Consider two charges moving in space, both at the same speed and parallel to each other. Because they are moving, they will behave like two currents and will have a magnetic field associated with them. An observer who was riding along with the two charges, however, would see both charges as stationary and would say that there is no magnetic field.

[few lines later]

What we are saying, then, is that magnetism is really a relativistic effect. In the case of the two charges we just considered, travelling parallel to each other, we would expect to have to make relativistic corrections to their motion, with terms of order $v^2/c^2$. These corrections must correspond to the magnetic force.

[few lines later]

So $v^2/c^2$ is about $10^{-25}$. Surely a negligible "correction". But no! Although the magnetic force is, in this case, $10^{-25}$ of the "normal" electrical forces between the moving electrons, remember that the "normal" electrical forces have disappeared because of the almost perfect balancing out — because the wires have the same number of protons as electrons. The balance is much more precise than one part in $10^{-25}$, and the small relativistic term which we call the magnetic force is the only term left. It becomes the dominant term.

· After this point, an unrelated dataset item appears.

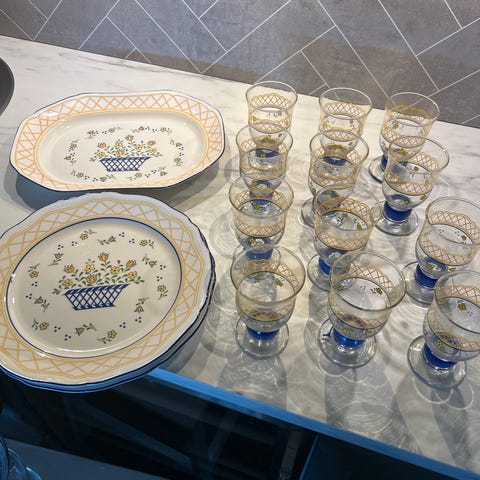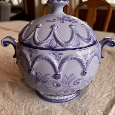 Flott servise fra Amoramica. Passer like godt på hytta som hjemme. Kaffekopper, skåler og asjetter er solgt. Krus med hank solgt. 2 små boller/skåler solgt. 8 vinkurs solgt. Krukker m. lokk solgt.

Chapter 1, Volume 2, Feynman Lectures on Physics

  1. How can I derive the above mathematically starting from Maxwell's equations (and maybe Lorentz force law)?

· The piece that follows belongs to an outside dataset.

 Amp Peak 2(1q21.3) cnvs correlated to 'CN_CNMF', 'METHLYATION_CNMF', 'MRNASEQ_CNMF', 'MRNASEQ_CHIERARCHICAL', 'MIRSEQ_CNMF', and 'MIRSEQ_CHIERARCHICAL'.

Somewhere earlier, the book states the following:

$$c^2(\text{circulation of }\vec{B}\text{ around C}) = \frac{d}{dt}(\text{flux of }\vec{E}\text{ through S}) + \frac{\text{flux of electric current through S }}{\epsilon_0}\tag{1.9}$$

The constant $c^2$ that appears in the Eq. (1.9) is the square of the velocity of light. It appears because magnetism is, in reality, a relativistic effect of electricity.

Chapter 1, Volume 2, Feynman Lectures on Physics

  1. Since magnetism is entirely an artefact of electrical effects and special relativity, would it be possible to derive two (or at least one) of Maxwell's equations from the rest?


What other common phenomenon is due to the effects of special relativity at not-so-high speeds making a significant observable difference?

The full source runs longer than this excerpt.